O’Carroll sees Forbes’ overall event model as a pyramid, with Forbes Club – an “exclusive small group … which has criteria for entry” – at the top, then Forbes Forums – “workshop based forums, but it’s more intimate, probably between 100 and 200 people” – and the Forbes Women’s Summit and Forbes Business Summit.

“There’s loads of other ideas that I have,” she admits, including, “creating a new membership-based community, in print, in person“.  O’Carroll wants to recreate the feeling in the room at the Women’s Summit, or at the Forbes Australia launch party in 2022. There, she saw stalwart investor David Paradice talking to Craig Blair, co-founder of Airtree, and Forbes’ first issue cover stars, ‘billion dollar brothers’ Robbie and James Ferguson.

“There were just all these different types of people who would never normally be talking to each other … And I thought, ‘this is what it’s all about.'”

Forbes Australia Women's Summit

Roy Morgan data from February shows business and financial magazines increased readership by 27.9%. In 2023, Forbes reached 271,000 readers, which was “better than we expected”.
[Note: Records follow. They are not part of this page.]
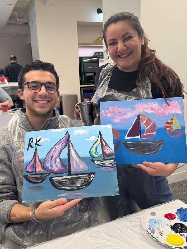 A virtual paint and sip session allows coworkers to unwind, chat, and interact outside of their normal, high-stress work-related tasks.
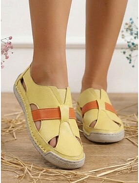 Mocasines sin cordones de piel microbiana amarilla para mujer: zapatos de verano transpirables con correa en contraste para vacaciones, uso diario y comodidad al aire libre.
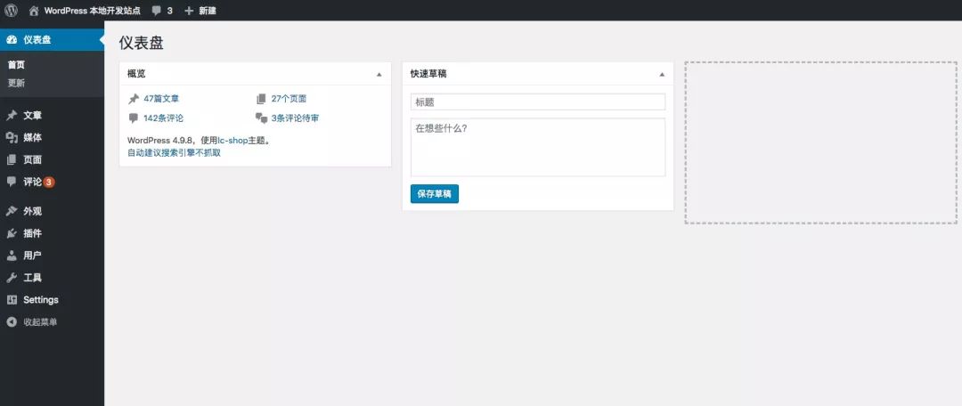 当你安装好 WordPress 后,你可以看到一个这样的后台。
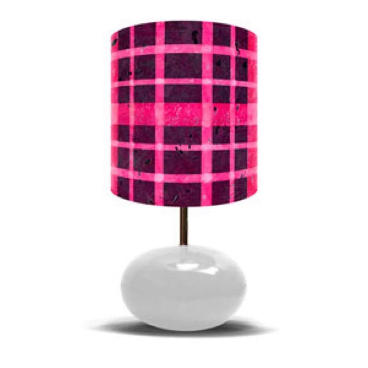 Add light to any room with this Pink Plaid on White Base Lamp. These lamps are approximately 21 tall x 11 wide and include a canvas art shade atop a gumball-shaped ceramic base.Â
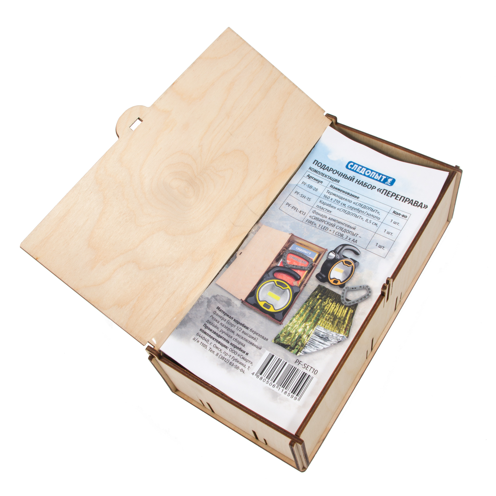 Подарочный набор "СЛЕДОПЫТ - Переправа" (коробка фанерная, термоодеяло, карабин, фонарь)/10/
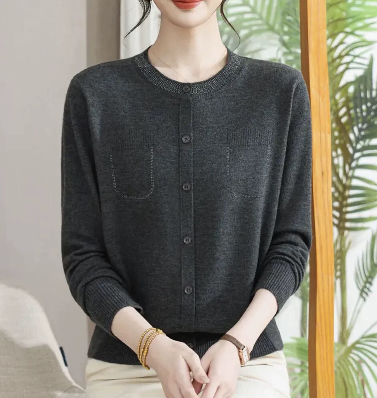 📚 妈妈春装洋气针织小衫上衣2026新款中老年人女春秋显瘦薄款打底衫
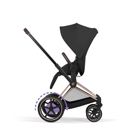 Cybex e-Priam förenar toppmodern teknik med en verklig designikon och revolutionerar lyxig komfort och exklusiv design för att möta föräldrarnas högsta förväntningar. Cybex e-Priam – en barnvagn som ger föräldrar eldriven frihet redan från början. Den gör varje tur jämn på ojämnt underlag och gör kullersten, parkstigar och sandiga promenader till en lek. En innovativ vaggfunktion, som styrs via e-Priams app, rör automatiskt barnvagnen mjukt fram och tillbaka för att lugna barnet och hjälpa det att natta. Det är vid bakaxeln som magin sker. De två elmotorerna är diskret placerade bakom hjulen och är så tysta att ditt barn kan sova ostört. Batteri, laddningsindikator och på/av-knapp är harmoniskt integrerade i e-Priams tidlösa design.
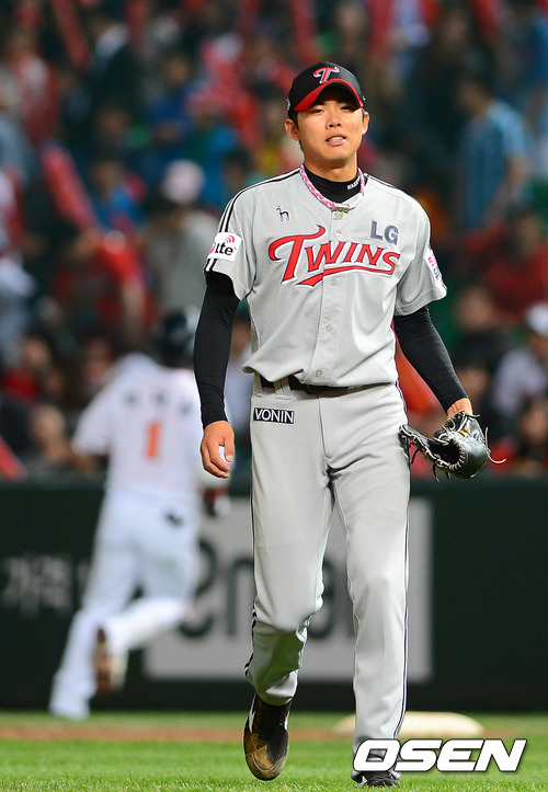 15일 오후 인천야구장에서 열린 '2012 팔도 프로야구' SK 와이번스와 LG 트윈스와의 경기, 5회말 2사 1루 LG 임정우가 SK 박재상을 내야땅볼로 처리하고 더그아웃으로 가고 있다.
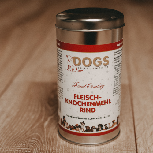 Bei Barfrationen ohne Knochenfütterung ist Fleischknochenmehl die natürlichste Alternative, um ausreichend Kalzium sowie weitere im Knochen enthaltene Mineralien zu ergänzen.
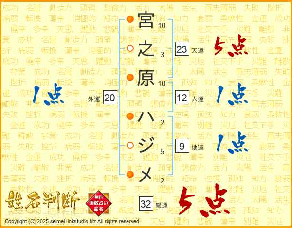 宮(10画)之(3画)原(10画) ハ(2画)ジ(5画)メ(2画)

“When we were launching Forbes in Australia, the idea wasn’t to launch a print magazine, because just launching a print magazine in 2022 wouldn’t be ideal.

“The magazine is like a window into the Forbes world that we’re creating. And we’ve been extremely encouraged by the partners and the advertisers that have come on board.”

O’Carroll is just two weeks away from being at Forbes for two years. In that time, she’s learned, “It’s not easy. it’s been a bit of a wild ride, and it was a steep, steep learning curve.”

“What I did really learn was the strength of the Forbes brand,” she says. “It was my job then to really be the custodian of that brand and make sure that I localise it and do justice to the 105 year heritage it has.

“You’re always wondering, ‘do people need this’, [and you] never know until it’s out there. But people needed … some of the best entrepreneurial stories in the country.”

She’s focused on hiring the right people, calling out managing editor Stewart Hawkins, ex-AFR and Bloomberg, and creative director Huw Reynolds, who previously worked at Harper’s Bazaar.

“When I was looking for a creative director, I didn’t want somebody who’s worked in business publications, and has been putting pictures of men in suits outside a building [on front covers],” she explains.

“We’re telling business stories in a new and beautiful way. And design is a big part of that, especially if you want a magazine to survive.”

As for what’s next, O’Carroll is determined to build communities around her readership and event attendees, introduce more Lists alongside the likes of the Australian Rich List, and to not shy away from innovation and experimentation, just like the entrepreneurs on which Forbes reports.

“There’ll be lots more on the horizon. We’re not afraid, and especially our CEO [Michael Lane] is not afraid, to innovate and move fast. You have to keep trying and moving fast. We’ve launched so many things in the last 18 months, and some go better than others, but we’ll just keep moving.”